Data excerpts:
###
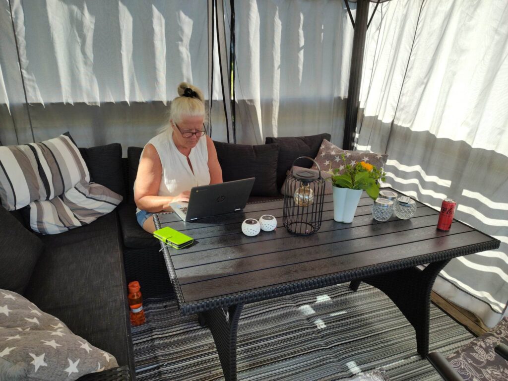 Igår var det en dag där vi åkte till Lidköping för att inhandla en ny matta som vi ska ha utanför husbilen. Den andra lämnade vi vid soporna i Norge. Någon annan kanske ville ha den så vi ställde den på ett bra ställe. Nu har vi köpt en ny. Vi köpte även nya tallrikar de vi hade var så tunga och klumpiga. Snygga men klumpiga. På vägen hem träffade jag på en kollega som var ute och åkte. Vi passade även på att åka och handla mat. Ett litet stopp vid solariet blev det där maken satt i bilen och väntade den där kvarten jag solade.
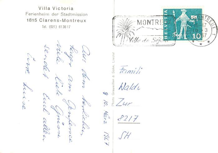 13863843 alte Postkarte Clarens Montreux VD Pension Villa Victoria Ferienheim der Stadtmission postalisch gelaufen Erhaltung siehe scans [FriedD77] KatCode: 11470240845874
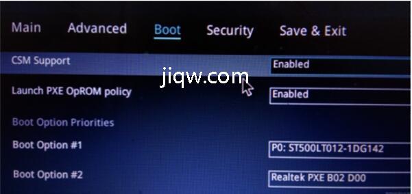 4、选择点击Boot, 将CSM Support 和 Launch PXE OpROM policy的Disabled 改成 Enabled。
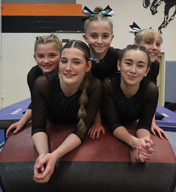 Courtesy photo GEMS Athletic Center Platinum Team placed 2nd overall in the Snowglobe Classic gymnastics competition March 7-9 at The Courts in Post Falls. From left are Ensley Vucinich, Macee Caudle, Olivia Kiser, Saydee Mathews and Keeley Howard.
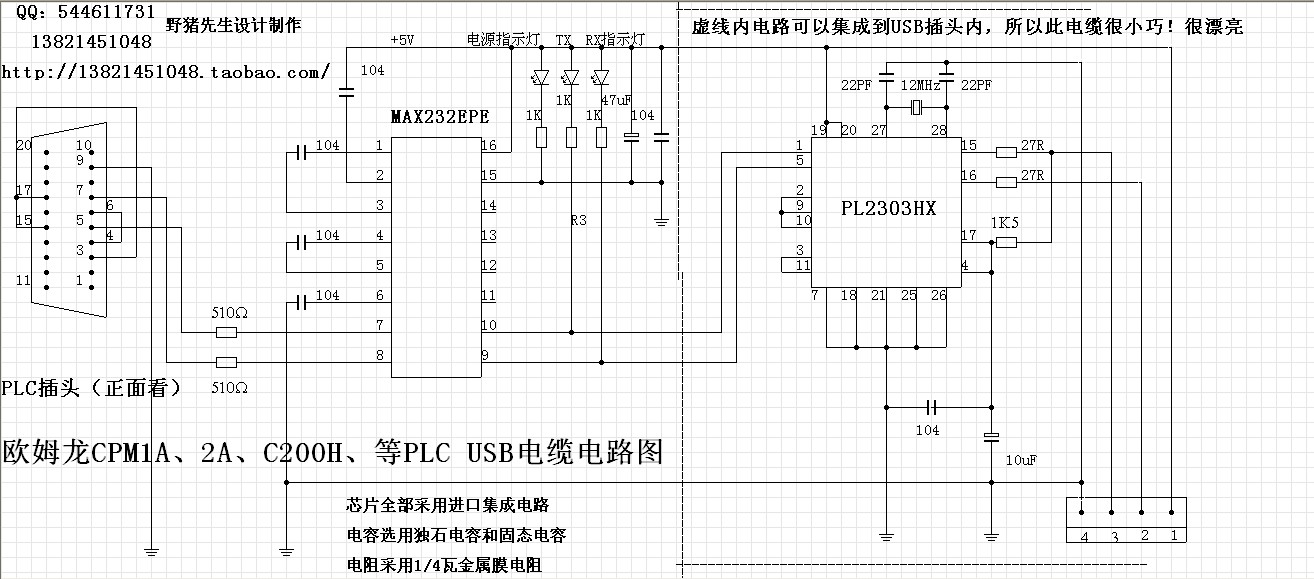 歐姆龍CPM1A、2A、CQM1H、C200HA   USB編程電纜電路圖
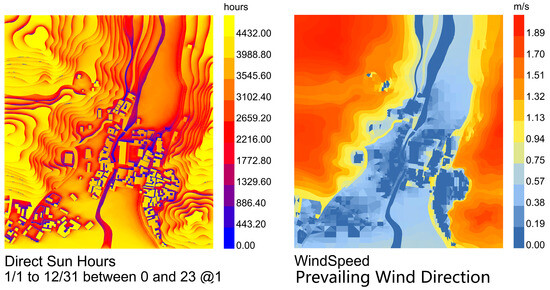 In line with the hot summer and cold winter climate that is typical of Xinjiang, the site selection for Tuyugou Village adheres to traditional Chinese principles, specifically “Avoid constructing high on ridges with limited water and avoid building low near water to reduce ditch construction effort” [4]. The village is situated between two mountains in the heart of a valley, which serves to shield it from cold winter monsoons and reduces direct solar exposure during the summer months. The majority of the buildings are oriented toward the water, capitalizing on evaporative cooling that reduces the temperature by approximately 2 °C while increasing humidity relative to the surrounding mountains. During the night, wind speeds toward the valley decrease, and in winter, temperatures within the valley are typically 2–3 °C warmer than those outside [30]. To evaluate Tuyugou Village’s ecological adaptability, we utilized Ladybug simulation software 1.5.0 on the Rhino and Grasshopper platforms to model annual sunshine hours and prevailing wind patterns. The results, presented in Figure 6, reveal that the village experiences reduced sunlight exposure and lower wind speeds compared to the surrounding mountains, showcasing its exceptional ecological adaptability to extreme environments.
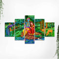 Lord Radha Krishna in Forest Wall Painting Set of Five
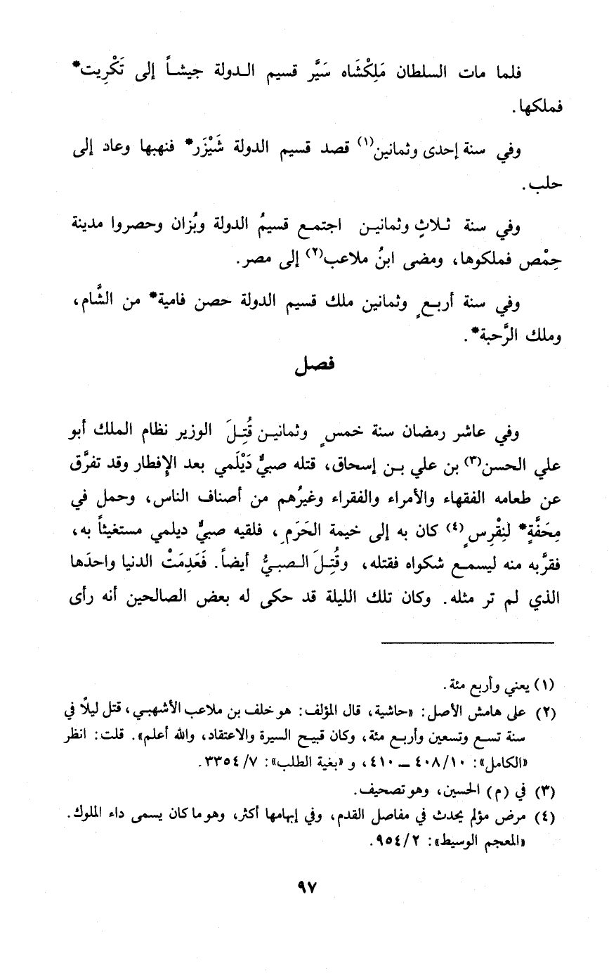 وَفِي عَاشر رَمَضَان سنة خمس وَثَمَانِينَ قتل الْوَزير نظام الْملك أَبُو عَليّ الْحسن بن عَليّ بن إِسْحَاق قَتله صبي ديلمي بعد الْإِفْطَار وَقد تفرق عَن طَعَامه الْفُقَهَاء والأمراء والفقراء وَغَيرهم من أَصْنَاف النَّاس وَحمل فِي محفة لنقرس كَانَ بِهِ إِلَى خيمة الْحرم فَلَقِيَهُ صبي ديلمي مستغيثا بِهِ فقربه مِنْهُ ليسمع شكواه فَقتله وَقتل الصَّبِي أَيْضا فعدمت الدُّنْيَا وَاحِدهَا الَّذِي لم تَرَ مثله
###
What the task requires:
Here the records must be restated exactly, minus any images.

Output of the task:
 Igår var det en dag där vi åkte till Lidköping för att inhandla en ny matta som vi ska ha utanför husbilen. Den andra lämnade vi vid soporna i Norge. Någon annan kanske ville ha den så vi ställde den på ett bra ställe. Nu har vi köpt en ny. Vi köpte även nya tallrikar de vi hade var så tunga och klumpiga. Snygga men klumpiga. På vägen hem träffade jag på en kollega som var ute och åkte. Vi passade även på att åka och handla mat. Ett litet stopp vid solariet blev det där maken satt i bilen och väntade den där kvarten jag solade.
 13863843 alte Postkarte Clarens Montreux VD Pension Villa Victoria Ferienheim der Stadtmission postalisch gelaufen Erhaltung siehe scans [FriedD77] KatCode: 11470240845874
 4、选择点击Boot, 将CSM Support 和 Launch PXE OpROM policy的Disabled 改成 Enabled。
 Courtesy photo GEMS Athletic Center Platinum Team placed 2nd overall in the Snowglobe Classic gymnastics competition March 7-9 at The Courts in Post Falls. From left are Ensley Vucinich, Macee Caudle, Olivia Kiser, Saydee Mathews and Keeley Howard.
 歐姆龍CPM1A、2A、CQM1H、C200HA   USB編程電纜電路圖
 In line with the hot summer and cold winter climate that is typical of Xinjiang, the site selection for Tuyugou Village adheres to traditional Chinese principles, specifically “Avoid constructing high on ridges with limited water and avoid building low near water to reduce ditch construction effort” [4]. The village is situated between two mountains in the heart of a valley, which serves to shield it from cold winter monsoons and reduces direct solar exposure during the summer months. The majority of the buildings are oriented toward the water, capitalizing on evaporative cooling that reduces the temperature by approximately 2 °C while increasing humidity relative to the surrounding mountains. During the night, wind speeds toward the valley decrease, and in winter, temperatures within the valley are typically 2–3 °C warmer than those outside [30]. To evaluate Tuyugou Village’s ecological adaptability, we utilized Ladybug simulation software 1.5.0 on the Rhino and Grasshopper platforms to model annual sunshine hours and prevailing wind patterns. The results, presented in Figure 6, reveal that the village experiences reduced sunlight exposure and lower wind speeds compared to the surrounding mountains, showcasing its exceptional ecological adaptability to extreme environments.
 Lord Radha Krishna in Forest Wall Painting Set of Five
 وَفِي عَاشر رَمَضَان سنة خمس وَثَمَانِينَ قتل الْوَزير نظام الْملك أَبُو عَليّ الْحسن بن عَليّ بن إِسْحَاق قَتله صبي ديلمي بعد الْإِفْطَار وَقد تفرق عَن طَعَامه الْفُقَهَاء والأمراء والفقراء وَغَيرهم من أَصْنَاف النَّاس وَحمل فِي محفة لنقرس كَانَ بِهِ إِلَى خيمة الْحرم فَلَقِيَهُ صبي ديلمي مستغيثا بِهِ فقربه مِنْهُ ليسمع شكواه فَقتله وَقتل الصَّبِي أَيْضا فعدمت الدُّنْيَا وَاحِدهَا الَّذِي لم تَرَ مثله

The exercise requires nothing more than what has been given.